Semilir angin diiringi dengan lantunan ayat-ayat suci yang saling bersautan, menjadi teman terbaik malam ini. Ramadhan. Ini ciri khas bulan penuh kebahagian bagi kita. Bersemangat menomerduakan segala urusan dunia dan berlomba-lomba untuk lebih bersahabat denganNya. Meraih segala keagungan cintaNya.

Membangun pondasi setiap lapisan qolbu menjadi kewajiban setiap diri. Kelembutan dan kekuatan menjadi satu dalam sebuah wadah bernama hati. Menjadi sebaik-baik makhlukNya adalah ketika kita benar-benar kokoh dalam memperjuangkan agamanya, ditengah-tengah kesempatan kita untuk menduakanNya.

Bukan hati seorang muslim namanya ketika kita tak pernah runtuh jika berhadapan dengan sang maha Cinta. ketika kita bersanding dengan membawa segala dosa dihadapan sang pemilik hati.

Dan juga bukan hati namanya ketika kita tak kunjung membangun pondasi ditengah-tengah kerapuhan yang ada. Berkali-kali terpelosok dan kemudian bangkit.

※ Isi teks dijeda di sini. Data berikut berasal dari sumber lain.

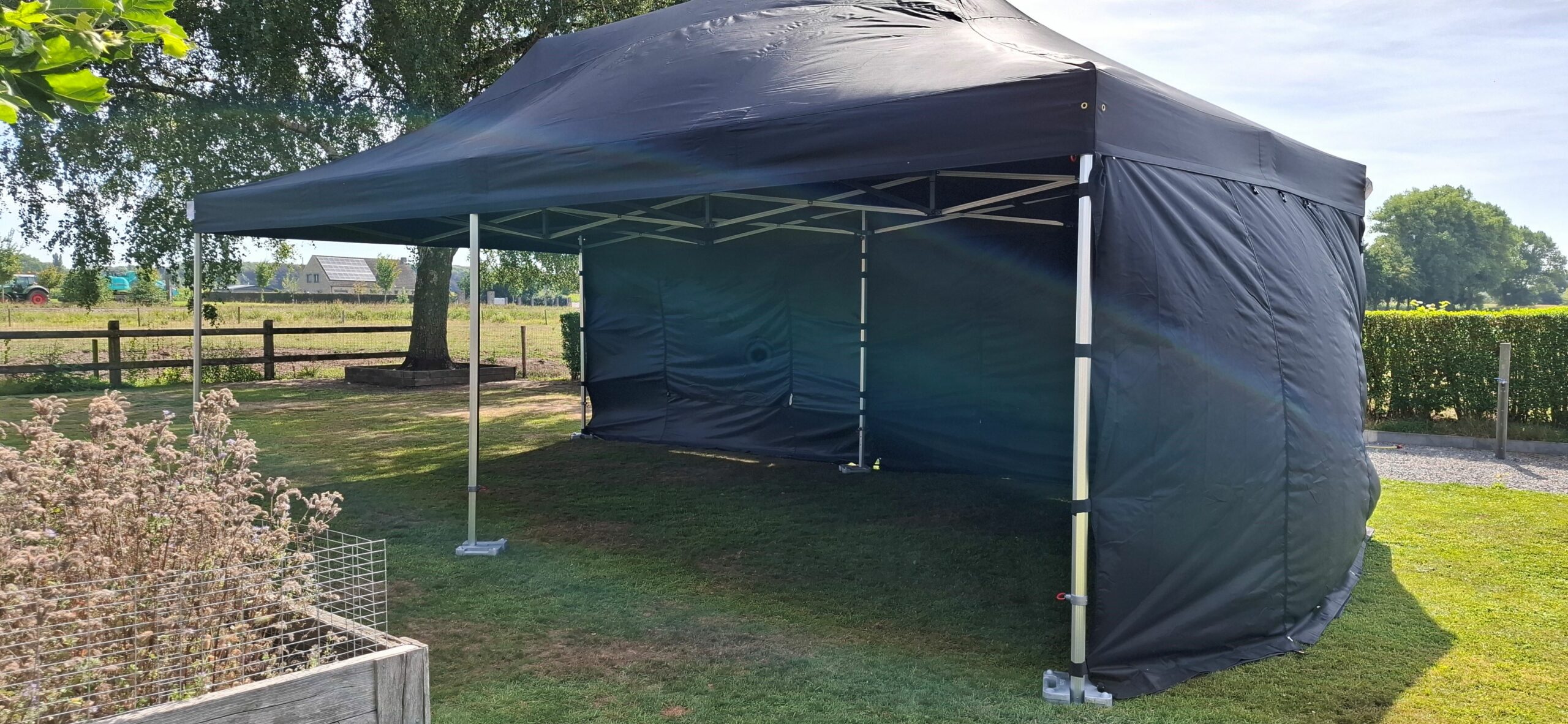 Professionele tent voor al uw feestjes. Volledig afsluitbaar. Afmetingen: 8 x 4 meter (plaats voor ongeveer 35 mensen). Tent wordt geplaatst en terug opgehaald. Vooraf te bepalen aantal zijkanten. Ter plaatse dienen minstens 3 helpers beschikbaar te zijn.

Bukan tentang bagaimana kehinaan kita. Namun seberapa besar cinta dan keagunganNya terhadap kita, manusia. Lalu bagaimana kita terus menangisi segala dosa, dan kemudian kembali berusaha membangun iman sebagai pondasi dan landasan sebuah hati.

Sungguh, cintaNya lebih kali lipat berharganya jika dibandingkan dengan langit dan bumi sekalipun. MencintaiNya akan menjadikan segala sesuatu mudah. Karena landasan diri adalah cinta kepadaNya. dunia tak lagi berharga, langit dan bumi seolah menjadi simbol kecintaan kita kepada Dia pemilik Cinta.

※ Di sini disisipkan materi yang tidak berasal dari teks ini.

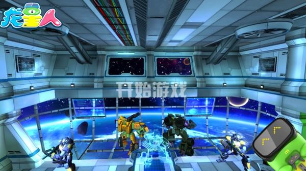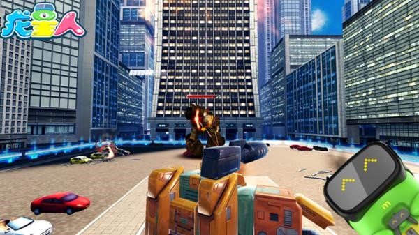 游戲操作:小盆友通過龍星人的手持式VR頭顯的左鍵選擇、右鍵確認(rèn)后會(huì)進(jìn)入到變形金剛集合點(diǎn),再按任意鍵開始戰(zhàn)斗。移動(dòng)視角可將槍炮對(duì)準(zhǔn)敵軍,按手柄上的左右鍵可分別開炮和開槍。攻破一個(gè)點(diǎn)后變形金剛會(huì)變形為汽車駛?cè)肓硪粋€(gè)點(diǎn)繼續(xù)戰(zhàn)斗,最終在廣場(chǎng)與敵方的指揮官“暴雷”進(jìn)行決斗。

Barangsiapa yang meninggalkan cinta dunia 
ia akan diberi kecintaan kepada akherat.

Orang yang cerdas adalah orang yang mengevaluasi dirinya dan beramal untuk persiapan setelah mati. Orang yang lemah akal adalah orang yang memperturutkan hawa nafsunya dan banyak berangan-angan kepada Allah (HR. Tirmizi).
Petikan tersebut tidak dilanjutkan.